Making parenting in the age of the Internet even more challenging is the fact that some real-world lessons do not carry over well to cyberspace. For example, most parents have told their children to "never talk to strangers." As evidenced by many new pen-pal relationships between young people in remote parts of the world, this kind of "communication with strangers" can be an invaluable learning experience that allows young people to develop awareness of global issues and even a global sense of community. However, a sense of online community can also be extremely misleading--especially to neophyte Internet users--in creating a sense of safety and trust that is in fact unwarranted.

Rules of behavior in cyberspace are sometimes different than in real life, and new behaviors and traditions are created.

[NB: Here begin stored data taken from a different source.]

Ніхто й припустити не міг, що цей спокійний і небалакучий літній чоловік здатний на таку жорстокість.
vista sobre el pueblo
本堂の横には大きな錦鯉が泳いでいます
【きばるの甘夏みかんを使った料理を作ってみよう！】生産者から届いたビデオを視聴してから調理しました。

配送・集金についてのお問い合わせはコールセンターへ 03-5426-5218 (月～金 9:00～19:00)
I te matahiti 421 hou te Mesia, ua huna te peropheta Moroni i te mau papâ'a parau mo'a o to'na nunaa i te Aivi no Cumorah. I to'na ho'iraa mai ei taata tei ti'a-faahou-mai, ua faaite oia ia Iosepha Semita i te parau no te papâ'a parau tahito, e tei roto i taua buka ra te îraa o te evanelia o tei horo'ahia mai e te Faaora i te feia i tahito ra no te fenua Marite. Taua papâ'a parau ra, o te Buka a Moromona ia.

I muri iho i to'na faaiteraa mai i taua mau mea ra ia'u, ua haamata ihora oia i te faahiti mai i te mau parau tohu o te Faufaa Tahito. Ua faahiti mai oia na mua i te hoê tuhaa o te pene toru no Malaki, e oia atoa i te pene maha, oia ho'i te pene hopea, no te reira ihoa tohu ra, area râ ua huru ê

These online social mores are often a mystery to parents, though their children may be quite comfortable with them. For example, technology enables multitasking to a much greater degree than has been possible in the past (e.g., conducting a number of conversations via instant messages and telephone simultaneously),5 whereas a rule that governs many, though not all, adult interactions with other people is one of paying full attention.

Issues with long history in the real world play out differently in cyberspace. Parents who once fought with kids about messy rooms and telephone time must now deal with conflicts over computer usage as well. Children--who always resisted the notion of sharing diaries with their parents--must contend with the possibility that their e-mail might be monitored or the history of their Web visits viewed. Academic plagiarism is much easier in an Internet environment and thus is arguably more tempting. Sorting out truth from fiction--a task that has always been important--is more important than ever before given the near-infinite diversity of content on the Web. Bullying--always a problem in some contexts in real life--has its online analogs in harassment, and is sometimes protected by the anonymity provided by the Internet.

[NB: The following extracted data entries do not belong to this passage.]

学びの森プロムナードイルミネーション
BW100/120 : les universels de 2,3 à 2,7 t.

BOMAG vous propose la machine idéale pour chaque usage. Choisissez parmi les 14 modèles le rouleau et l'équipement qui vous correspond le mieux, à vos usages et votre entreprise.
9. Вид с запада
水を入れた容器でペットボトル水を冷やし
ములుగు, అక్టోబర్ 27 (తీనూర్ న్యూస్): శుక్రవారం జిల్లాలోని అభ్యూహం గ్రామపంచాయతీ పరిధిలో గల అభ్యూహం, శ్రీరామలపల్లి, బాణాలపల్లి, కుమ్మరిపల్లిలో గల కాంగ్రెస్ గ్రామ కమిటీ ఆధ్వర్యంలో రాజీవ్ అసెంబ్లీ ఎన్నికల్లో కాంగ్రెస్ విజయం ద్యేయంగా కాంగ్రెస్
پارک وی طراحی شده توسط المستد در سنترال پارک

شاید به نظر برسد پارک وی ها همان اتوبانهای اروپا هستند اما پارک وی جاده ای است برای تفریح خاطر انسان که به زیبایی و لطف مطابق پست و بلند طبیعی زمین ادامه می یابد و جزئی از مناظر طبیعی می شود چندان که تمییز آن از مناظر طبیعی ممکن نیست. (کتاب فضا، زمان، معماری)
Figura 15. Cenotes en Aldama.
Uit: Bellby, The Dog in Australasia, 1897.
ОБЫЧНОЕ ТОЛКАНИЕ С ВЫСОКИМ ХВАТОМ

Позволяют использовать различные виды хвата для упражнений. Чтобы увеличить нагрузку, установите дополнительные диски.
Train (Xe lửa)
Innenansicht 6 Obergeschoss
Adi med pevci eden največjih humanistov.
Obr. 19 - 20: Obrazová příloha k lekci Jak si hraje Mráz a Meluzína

Finally, there is often a large gap in what parents perceive their children are doing on the Internet and what these children report they are actually doing (). This, too, reflects an all-too-common and more general disconnect between parental perceptions of their children's behavior and what they actually do.6

None of these challenges obviate a parental role, or even a role for other adults, in ensuring a safe and appropriate Internet experience. While some children may know the technology better than their parents, parents and other adults still have important roles to play in shaping the values of their children and in teaching critical thinking and moral skills that allow children to make informed and ethical choices according to the values that are important to them. In short, the parental role is still central in teaching children to protect themselves on the Internet.


7.3.

 

SPECULATIONS AND OTHER PERSPECTIVES ON POSSIBLE IMPACT



As the discussion in Chapter 6 indicates, the research literature on the impact of sexually explicit material on young people is sparse and inconclusive. Nevertheless, there are a variety of views on the potential negative impact that exposure to sexually explicit material might have on children, some of which are illustrated in . Further, there is no reason to suppose that all negative impacts are necessarily manifested in science-based research studies.

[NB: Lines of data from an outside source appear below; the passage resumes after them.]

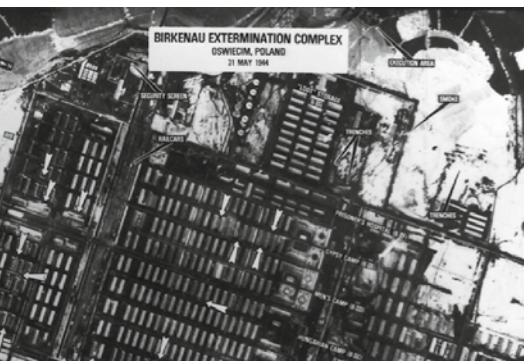
Het nazi-Duitse concentratie- en vernietigingskamp Auschwitz-Birkenau werd in 1979 ingeschreven op de Werelderfgoedlijst van Unesco.

Het gebruik van de radio tijdens de genocide op de Tutsi in Rwanda voor de verspreiding van racistische propaganda en om de moordenaars te helpen hun slachtoffers op te sporen, is daar een duidelijk voorbeeld van. De drones die de grote legers vandaag inzetten om vanop een veilige fysieke maar ook morele afstand mensen te doden, zijn daarvan een ander voorbeeld. Het besef van de macht en mogelijkheden van technologie kan leerlingen helpen bij het bestuderen van hedendaagse gevallen van mensenrechtenschendingen, en kan leiden tot politieke acties om dergelijke schendingen te voorkomen. Aandacht hiervoor is erg belangrijk, zeker gezien de enorme technologische evolutie van de laatste jaren.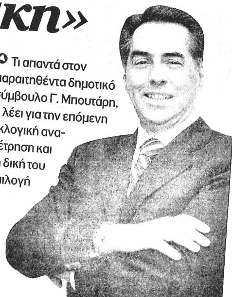
ΣΥΝΕΝΤΕΥΞΗ ΕΦ' ΟΛΗΣ ΤΗΣ ΥΛΗΣ ΣΕΛ/10-11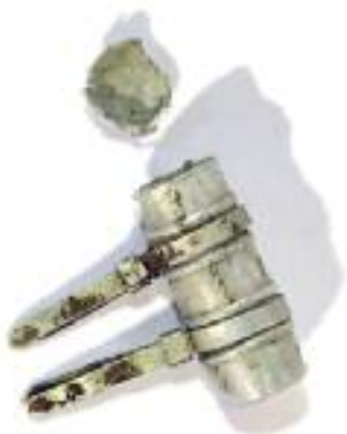
Bossolo contenitore del messaggio

ciò che quel grande conflitto ha lasciato nelle memorie, soprattutto nelle memorie familiari e, sul nostro territorio, nel terreno, nei boschi, sui pascoli e sulle alture. Molte, nel corso dell'estate trascorsa, sono state le iniziative che ci hanno visto impegnati. Per quanto mi riguarda, due mi hanno particolarmente coinvolto: l'allestimento della mostra L'ultima trincea , a Maso Spilzi, e l'allestimento della mostra Anche l'onore è perduto , al municipio di Lavarone. Due percorsi agganciati alla linea del tempo che mi sembra siano serviti a ripercorrere e a rivivere passo dopo passo ciò che quel grande conflitto ha rappresentato per le nostre comunità, un modo per fissa-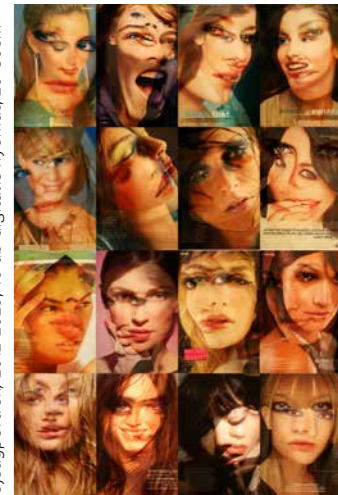
Újságportrék, 2012-2020, 16 db digitális nyomtat, 20x30cm

1987 Roboz Zsuzsi-alapítvány pályázat, Rézkarcoló Művészek Alkotóközösségének különdíja, Budapest • 1989 Magyar Képzőművészeti Főiskola ösztöndíja, Olaszország • 1992 Barcsay Jenő-díj, Szentendre • 1993 Herman Lipót-díj, M.K.F, Budapest • 1995 Mitológia c. pályázat II. díj, Debrecen • 1996 Bíró Miklós-díj, Vajdaság • 1997 III. Országos Pasztell Biennálé fődíja, Esztergom • 1999 IV. Magyar Groteszk, Magyar Festők Társasága díja, Kaposvár • MAOE díja, Hódmezővásárhely • 2004 VOX Artis alapítvány díja, Budapest • 2005 Bp. XVII. ker. Önkormányzata kiállítási díja, Budapest • 2009 35. Nyári Tárlat fődíja • Oktatási és Kulturális Minisztérium Művészeti Főosztály díja, Szeged • 2019 Damjanich János Múzeum különdíja, Szolnok • 2020 Pilinszky-emlékérem Budapest • Belváros-Lipótváros Budapest Főváros V. kerület Önkormányzatának díja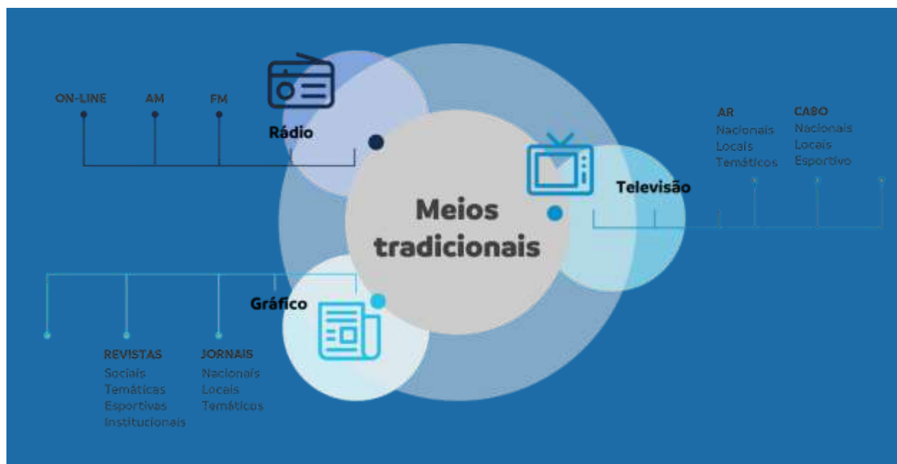
Figura 1: meios tradicionais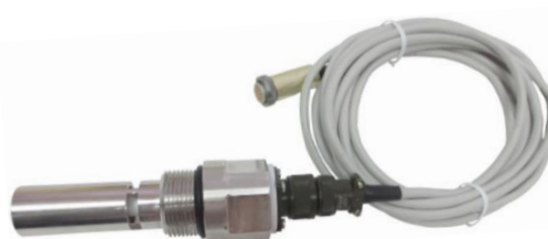
б – ДП-003МП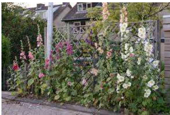
Stokrooszen fleuren het straatbeeld op.

Mocht u er een willen hebben, kunt u die ophalen op Kerkweg 72 (naast het poortje).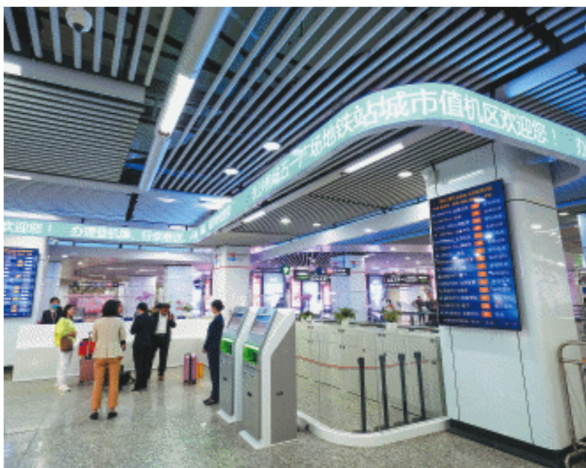
11月10日，长沙五一广场地铁站，长沙机场城市值机区已完成场地建设和设备安装，进入实测阶段。

长沙机场诚挚邀请参与实测的旅客朋友们提出宝贵的意见和建议，一经采纳将送上精美礼品一份表示感谢。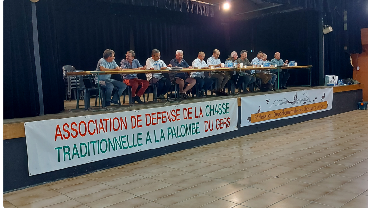
Réunion des chasseurs de palombes : des chasseurs inquiets quant au maintien des chasses traditionnelles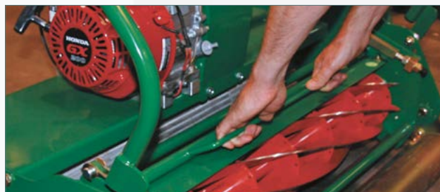
Extraire la cassette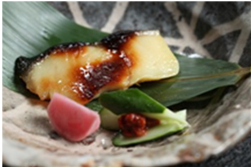
西京烧白身鱼 Grilled Marinated White Meat Fish

One issue of concern--mentioned by many parents in the committee's site visits as being far more troublesome to them than the issue of exposure to inappropriate sexually explicit material--is the fear that children will be physically victimized by someone whom they met through the Internet. Among many of the students with whom the committee spoke, meeting someone face-to-face whom they had initially encountered online was a common and accepted part of life, more common among girls than boys. Some of these face-to-face encounters occurred at parties, others one-on-one at malls, and in one case at a person's home. Most students knew that they should not give out personal information, such as real names and addresses, but they were generally overconfident in their ability to make judgments in potentially dangerous situations. For example, the committee spoke to one teenage girl who appeared to understand that people often lie online, that meeting Internet acquaintances face-to-face can be dangerous, and that things are not always what they seem. However, when asked if she would meet someone from the Internet, she said "Sure--if I had any doubts about him, I would never do so--and I only do it with people I know are okay."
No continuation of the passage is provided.